Given that Hume and Hopton divide their time between a London townhouse and a farm in rural upstate New York, it is especially appropriate that the pair are simultaneously showing on both sides of the Atlantic. They plan their annual migration to and from their homes not to co-ordinate with the activities of the art world but to be in tune with the natural cycles of their New York farm—arriving in spring for planting and then returning from midsummer to October for growing and harvest. This shared involvement in nature and often intense work on the land is then filtered through concentrated time spent in the studio and feeds into each of their work in multifarious ways. In the case of Hopton, this literally manifests itself in the flowers and the vegetables she photographs, as well as in the stalks, pulses and seeds she uses directly as materials. She even uses horticultural terms to describe her husband’s artistic modus operandi, declaring that in making his work Hume “ploughs and plants simultaneously”.

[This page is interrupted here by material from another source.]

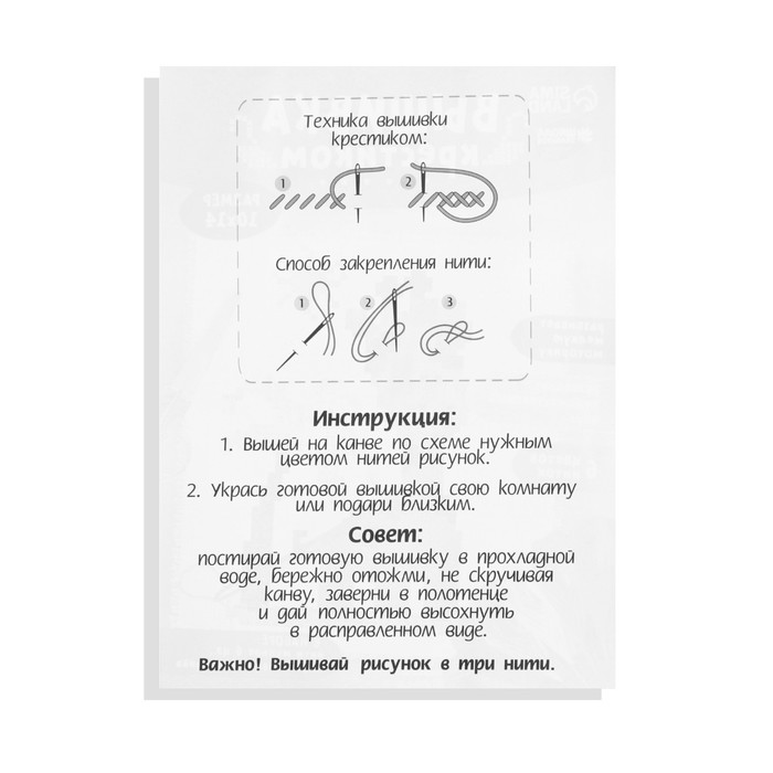- Все необходимые оттенки ниток есть в комплекте. Рекомендуем вышивать в 2 нити.

The collective title of this twofold double act is Hurricanes Hardly Ever Happen, a line taken from My Fair Lady (1965), which Hopton says applies both to the works she has chosen as well as to her marriage. “For the most part there is harmony and a little drama, but every so often something disrupts the calm.” Be that as it may, on the evidence of the first of these two shows, this is a rich and ongoing artistic dialogue that in all its different facets has evidently been of great benefit to its two participants. Now, for a short time it can be enjoyed by all of us.